The announcement came a day after the government dismissed more than 11,000 teachers suspected of activities in support of the P.K.K. and affiliated organizations, the semiofficial Anadolu Agency reported.
The government's actions were carried out under powers granted by a state of emergency after the failed military coup on July 15 aimed at toppling President Recep Tayyip Erdogan.
Since then, the government has conducted a widespread purge of those suspected of having links to Mr. Erdogan's former ally, Fethullah Gulen, a Turkish cleric living in Pennsylvania who is accused of masterminding the coup attempt. Mr. Gulen has repeatedly denied involvement.
More than 40,000 people have been arrested or detained since the night of the failed coup, and tens of thousands of people have been purged from the judiciary, military and security forces, as well as a range of professions.
While Turkey's opposition figures have supported the purges against Mr. Gulen's support network, they have accused Mr. Erdogan of misusing the coup attempt, which left more than 200 people dead, as a mandate to neutralize his adversaries and gain more power.
The purges of teachers and civil servants with suspected links to the P.K.K. can be done without parliamentary approval under the state of emergency.
"We have run and are currently running the largest operations against the P.K.K. terrorist organization in its history, both within and across our borders," Mr. Erdogan said on Thursday.

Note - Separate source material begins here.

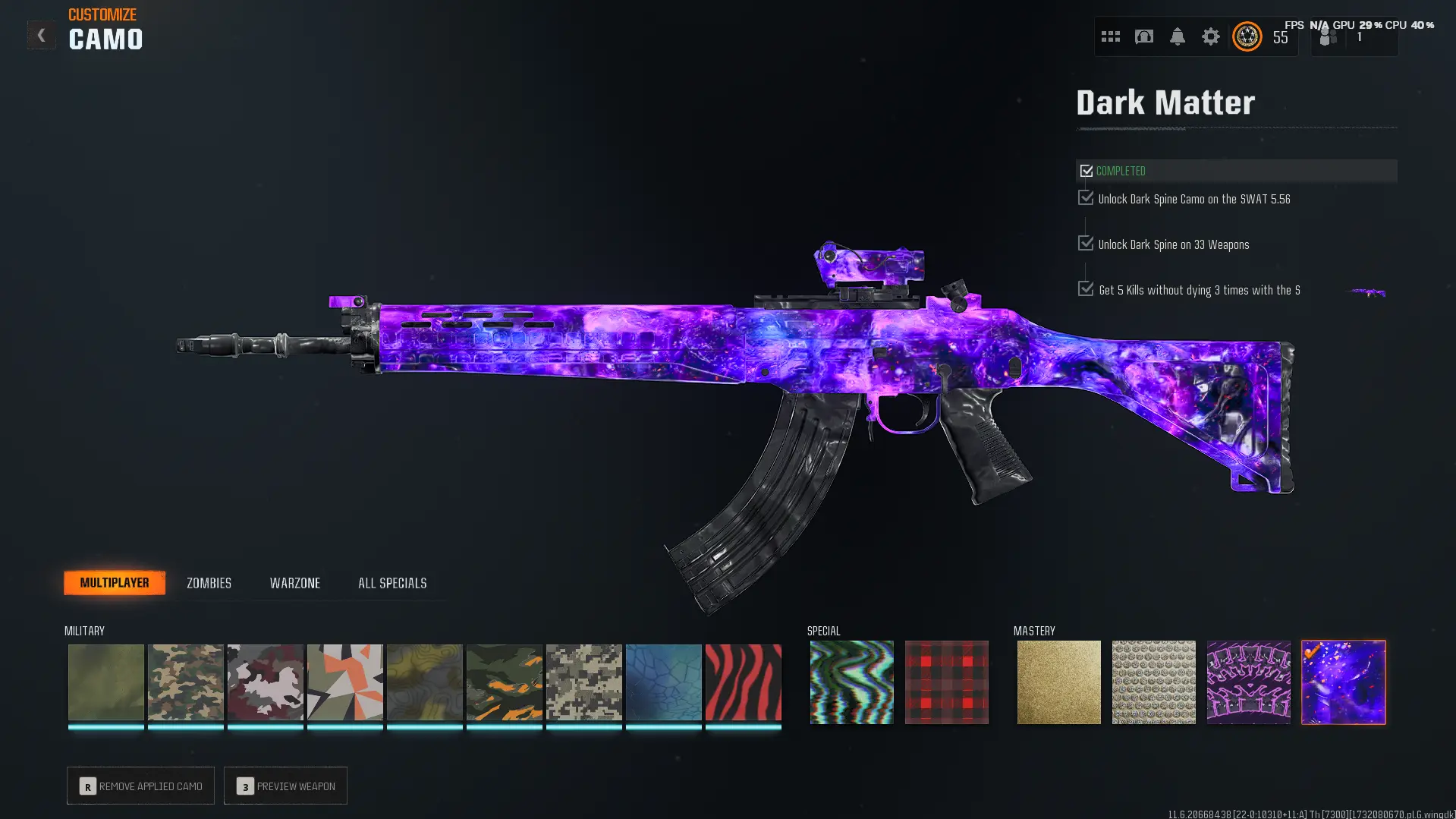 【🍂 BO6 🍂】【 Dark Matter Legit Unlocked + Level 55 】 ⚔ All Multiplayer Camos Unlocked ✨ Prestige 1 Ready ⚡ Dark Matter Legit Unlocked on all 33 Black Ops 6 Guns ☄ Linkable to STEAM / BNET / XBOX / PSN #ZB30JQ

Turkey launched a military offensive in northern Syria two weeks ago, capturing a key border town from the Islamic State in an operation also aimed at preventing Syrian Kurdish militias from gaining more territory in the region, which the Turks deem a threat to national security because of Syrian Kurdish links to the P.K.K.
"Turkey will continue its offensive in northern Syria, where Kurdish militants have gained a stronghold, having fended off rebel forces and the Islamic State," Mr. Erdogan said.
The new wave of anti-P.K.K. actions came amid a flurry of diplomacy in Ankara, where European officials met with Turkish leaders in an effort to save a deal that has curbed the flow of illicit immigration to Europe for the past year.
The Turkish government agreed to that deal in exchange for European Union pledges of visa-free travel for Turks into Europe. But the deal has been on the verge of collapse in recent weeks because of Turkey's unwillingness to amend its terrorism laws to meet the European Union's visa-free criteria.
Turkish police officers detained dozens of teachers protesting the purges on Friday in the country's predominantly Kurdish southeast. Television footage showed several hundred protesters dispersed by water cannons and tear gas as they chanted, "Shoulder to shoulder against fascism."
Violence has surged in Turkey's southeast this year after the breakdown of a cease-fire between Kurdish insurgents and the Turkish military.